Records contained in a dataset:
● ● ●

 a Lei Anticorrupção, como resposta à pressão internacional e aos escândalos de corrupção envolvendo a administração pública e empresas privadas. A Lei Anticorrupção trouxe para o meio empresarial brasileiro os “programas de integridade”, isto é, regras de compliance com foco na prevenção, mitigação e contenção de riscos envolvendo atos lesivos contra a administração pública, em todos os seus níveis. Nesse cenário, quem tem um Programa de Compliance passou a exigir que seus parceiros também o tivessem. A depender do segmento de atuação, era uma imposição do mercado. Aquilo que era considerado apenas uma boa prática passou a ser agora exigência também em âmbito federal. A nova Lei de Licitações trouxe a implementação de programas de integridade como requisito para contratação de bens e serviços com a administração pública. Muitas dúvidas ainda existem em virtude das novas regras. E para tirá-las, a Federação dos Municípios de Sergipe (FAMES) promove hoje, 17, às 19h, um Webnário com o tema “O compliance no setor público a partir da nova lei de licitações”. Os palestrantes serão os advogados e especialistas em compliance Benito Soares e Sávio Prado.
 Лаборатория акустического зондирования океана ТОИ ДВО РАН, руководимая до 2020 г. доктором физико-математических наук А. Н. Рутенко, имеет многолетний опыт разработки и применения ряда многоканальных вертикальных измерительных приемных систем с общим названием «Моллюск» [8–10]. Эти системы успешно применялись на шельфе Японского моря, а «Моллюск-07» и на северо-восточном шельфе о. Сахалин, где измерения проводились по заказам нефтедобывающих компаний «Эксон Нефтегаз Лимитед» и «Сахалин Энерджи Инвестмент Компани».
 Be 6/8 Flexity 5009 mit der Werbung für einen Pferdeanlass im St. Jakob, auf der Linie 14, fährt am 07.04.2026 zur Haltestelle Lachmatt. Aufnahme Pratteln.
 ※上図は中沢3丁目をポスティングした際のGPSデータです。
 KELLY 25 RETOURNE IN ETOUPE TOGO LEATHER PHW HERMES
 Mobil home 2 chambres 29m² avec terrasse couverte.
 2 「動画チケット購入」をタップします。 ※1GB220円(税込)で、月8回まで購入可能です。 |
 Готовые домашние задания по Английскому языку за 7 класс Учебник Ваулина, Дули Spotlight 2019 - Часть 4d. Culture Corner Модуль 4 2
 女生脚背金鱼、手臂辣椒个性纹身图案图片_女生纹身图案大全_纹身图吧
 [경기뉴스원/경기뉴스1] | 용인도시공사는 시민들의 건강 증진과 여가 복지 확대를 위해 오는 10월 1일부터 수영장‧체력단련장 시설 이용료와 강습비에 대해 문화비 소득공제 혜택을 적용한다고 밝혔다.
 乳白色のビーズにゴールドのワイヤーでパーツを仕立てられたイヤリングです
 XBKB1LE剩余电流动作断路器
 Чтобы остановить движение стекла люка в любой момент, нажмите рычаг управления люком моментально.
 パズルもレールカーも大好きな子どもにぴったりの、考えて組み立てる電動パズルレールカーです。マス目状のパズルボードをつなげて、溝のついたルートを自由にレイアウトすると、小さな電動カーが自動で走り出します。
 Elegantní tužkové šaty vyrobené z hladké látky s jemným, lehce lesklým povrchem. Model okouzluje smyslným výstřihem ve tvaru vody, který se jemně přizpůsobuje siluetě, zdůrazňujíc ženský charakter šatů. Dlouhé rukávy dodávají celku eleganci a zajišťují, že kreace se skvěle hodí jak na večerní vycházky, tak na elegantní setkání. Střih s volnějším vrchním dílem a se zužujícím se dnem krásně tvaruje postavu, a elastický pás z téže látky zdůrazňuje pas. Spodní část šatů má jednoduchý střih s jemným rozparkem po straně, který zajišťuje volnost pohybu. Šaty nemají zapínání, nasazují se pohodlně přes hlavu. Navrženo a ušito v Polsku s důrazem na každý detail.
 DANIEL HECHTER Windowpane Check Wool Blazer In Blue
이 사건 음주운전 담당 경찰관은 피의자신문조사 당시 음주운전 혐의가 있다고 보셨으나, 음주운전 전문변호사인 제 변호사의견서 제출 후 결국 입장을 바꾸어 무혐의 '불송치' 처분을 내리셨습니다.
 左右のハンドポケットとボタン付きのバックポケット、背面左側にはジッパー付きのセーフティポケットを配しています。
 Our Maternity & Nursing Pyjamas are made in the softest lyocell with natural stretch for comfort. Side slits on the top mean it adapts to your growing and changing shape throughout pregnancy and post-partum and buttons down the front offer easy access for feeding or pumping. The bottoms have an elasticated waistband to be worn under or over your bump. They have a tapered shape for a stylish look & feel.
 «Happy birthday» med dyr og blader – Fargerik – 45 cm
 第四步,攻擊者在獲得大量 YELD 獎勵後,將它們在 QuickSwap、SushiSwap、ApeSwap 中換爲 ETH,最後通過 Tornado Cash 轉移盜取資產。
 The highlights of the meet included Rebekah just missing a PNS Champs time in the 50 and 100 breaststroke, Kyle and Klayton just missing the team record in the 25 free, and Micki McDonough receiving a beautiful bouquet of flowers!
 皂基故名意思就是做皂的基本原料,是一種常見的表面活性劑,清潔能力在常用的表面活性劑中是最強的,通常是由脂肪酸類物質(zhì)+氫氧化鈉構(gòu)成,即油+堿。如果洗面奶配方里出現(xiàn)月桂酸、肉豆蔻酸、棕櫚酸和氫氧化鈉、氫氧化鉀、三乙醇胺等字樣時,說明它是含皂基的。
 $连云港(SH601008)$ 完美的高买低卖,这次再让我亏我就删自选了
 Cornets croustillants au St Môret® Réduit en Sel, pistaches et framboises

● ● ●

## [Exercise prompt]
Would you repeat the records above without any changes?

## [Answer section]
 a Lei Anticorrupção, como resposta à pressão internacional e aos escândalos de corrupção envolvendo a administração pública e empresas privadas. A Lei Anticorrupção trouxe para o meio empresarial brasileiro os “programas de integridade”, isto é, regras de compliance com foco na prevenção, mitigação e contenção de riscos envolvendo atos lesivos contra a administração pública, em todos os seus níveis. Nesse cenário, quem tem um Programa de Compliance passou a exigir que seus parceiros também o tivessem. A depender do segmento de atuação, era uma imposição do mercado. Aquilo que era considerado apenas uma boa prática passou a ser agora exigência também em âmbito federal. A nova Lei de Licitações trouxe a implementação de programas de integridade como requisito para contratação de bens e serviços com a administração pública. Muitas dúvidas ainda existem em virtude das novas regras. E para tirá-las, a Federação dos Municípios de Sergipe (FAMES) promove hoje, 17, às 19h, um Webnário com o tema “O compliance no setor público a partir da nova lei de licitações”. Os palestrantes serão os advogados e especialistas em compliance Benito Soares e Sávio Prado.
 Лаборатория акустического зондирования океана ТОИ ДВО РАН, руководимая до 2020 г. доктором физико-математических наук А. Н. Рутенко, имеет многолетний опыт разработки и применения ряда многоканальных вертикальных измерительных приемных систем с общим названием «Моллюск» [8–10]. Эти системы успешно применялись на шельфе Японского моря, а «Моллюск-07» и на северо-восточном шельфе о. Сахалин, где измерения проводились по заказам нефтедобывающих компаний «Эксон Нефтегаз Лимитед» и «Сахалин Энерджи Инвестмент Компани».
 Be 6/8 Flexity 5009 mit der Werbung für einen Pferdeanlass im St. Jakob, auf der Linie 14, fährt am 07.04.2026 zur Haltestelle Lachmatt. Aufnahme Pratteln.
 ※上図は中沢3丁目をポスティングした際のGPSデータです。
 KELLY 25 RETOURNE IN ETOUPE TOGO LEATHER PHW HERMES
 Mobil home 2 chambres 29m² avec terrasse couverte.
 2 「動画チケット購入」をタップします。 ※1GB220円(税込)で、月8回まで購入可能です。 |
 Готовые домашние задания по Английскому языку за 7 класс Учебник Ваулина, Дули Spotlight 2019 - Часть 4d. Culture Corner Модуль 4 2
 女生脚背金鱼、手臂辣椒个性纹身图案图片_女生纹身图案大全_纹身图吧
 [경기뉴스원/경기뉴스1] | 용인도시공사는 시민들의 건강 증진과 여가 복지 확대를 위해 오는 10월 1일부터 수영장‧체력단련장 시설 이용료와 강습비에 대해 문화비 소득공제 혜택을 적용한다고 밝혔다.
 乳白色のビーズにゴールドのワイヤーでパーツを仕立てられたイヤリングです
 XBKB1LE剩余电流动作断路器
 Чтобы остановить движение стекла люка в любой момент, нажмите рычаг управления люком моментально.
 パズルもレールカーも大好きな子どもにぴったりの、考えて組み立てる電動パズルレールカーです。マス目状のパズルボードをつなげて、溝のついたルートを自由にレイアウトすると、小さな電動カーが自動で走り出します。
 Elegantní tužkové šaty vyrobené z hladké látky s jemným, lehce lesklým povrchem. Model okouzluje smyslným výstřihem ve tvaru vody, který se jemně přizpůsobuje siluetě, zdůrazňujíc ženský charakter šatů. Dlouhé rukávy dodávají celku eleganci a zajišťují, že kreace se skvěle hodí jak na večerní vycházky, tak na elegantní setkání. Střih s volnějším vrchním dílem a se zužujícím se dnem krásně tvaruje postavu, a elastický pás z téže látky zdůrazňuje pas. Spodní část šatů má jednoduchý střih s jemným rozparkem po straně, který zajišťuje volnost pohybu. Šaty nemají zapínání, nasazují se pohodlně přes hlavu. Navrženo a ušito v Polsku s důrazem na každý detail.
 DANIEL HECHTER Windowpane Check Wool Blazer In Blue
이 사건 음주운전 담당 경찰관은 피의자신문조사 당시 음주운전 혐의가 있다고 보셨으나, 음주운전 전문변호사인 제 변호사의견서 제출 후 결국 입장을 바꾸어 무혐의 '불송치' 처분을 내리셨습니다.
 左右のハンドポケットとボタン付きのバックポケット、背面左側にはジッパー付きのセーフティポケットを配しています。
 Our Maternity & Nursing Pyjamas are made in the softest lyocell with natural stretch for comfort. Side slits on the top mean it adapts to your growing and changing shape throughout pregnancy and post-partum and buttons down the front offer easy access for feeding or pumping. The bottoms have an elasticated waistband to be worn under or over your bump. They have a tapered shape for a stylish look & feel.
 «Happy birthday» med dyr og blader – Fargerik – 45 cm
 第四步,攻擊者在獲得大量 YELD 獎勵後,將它們在 QuickSwap、SushiSwap、ApeSwap 中換爲 ETH,最後通過 Tornado Cash 轉移盜取資產。
 The highlights of the meet included Rebekah just missing a PNS Champs time in the 50 and 100 breaststroke, Kyle and Klayton just missing the team record in the 25 free, and Micki McDonough receiving a beautiful bouquet of flowers!
 皂基故名意思就是做皂的基本原料,是一種常見的表面活性劑,清潔能力在常用的表面活性劑中是最強的,通常是由脂肪酸類物質(zhì)+氫氧化鈉構(gòu)成,即油+堿。如果洗面奶配方里出現(xiàn)月桂酸、肉豆蔻酸、棕櫚酸和氫氧化鈉、氫氧化鉀、三乙醇胺等字樣時,說明它是含皂基的。
 $连云港(SH601008)$ 完美的高买低卖,这次再让我亏我就删自选了
 Cornets croustillants au St Môret® Réduit en Sel, pistaches et framboises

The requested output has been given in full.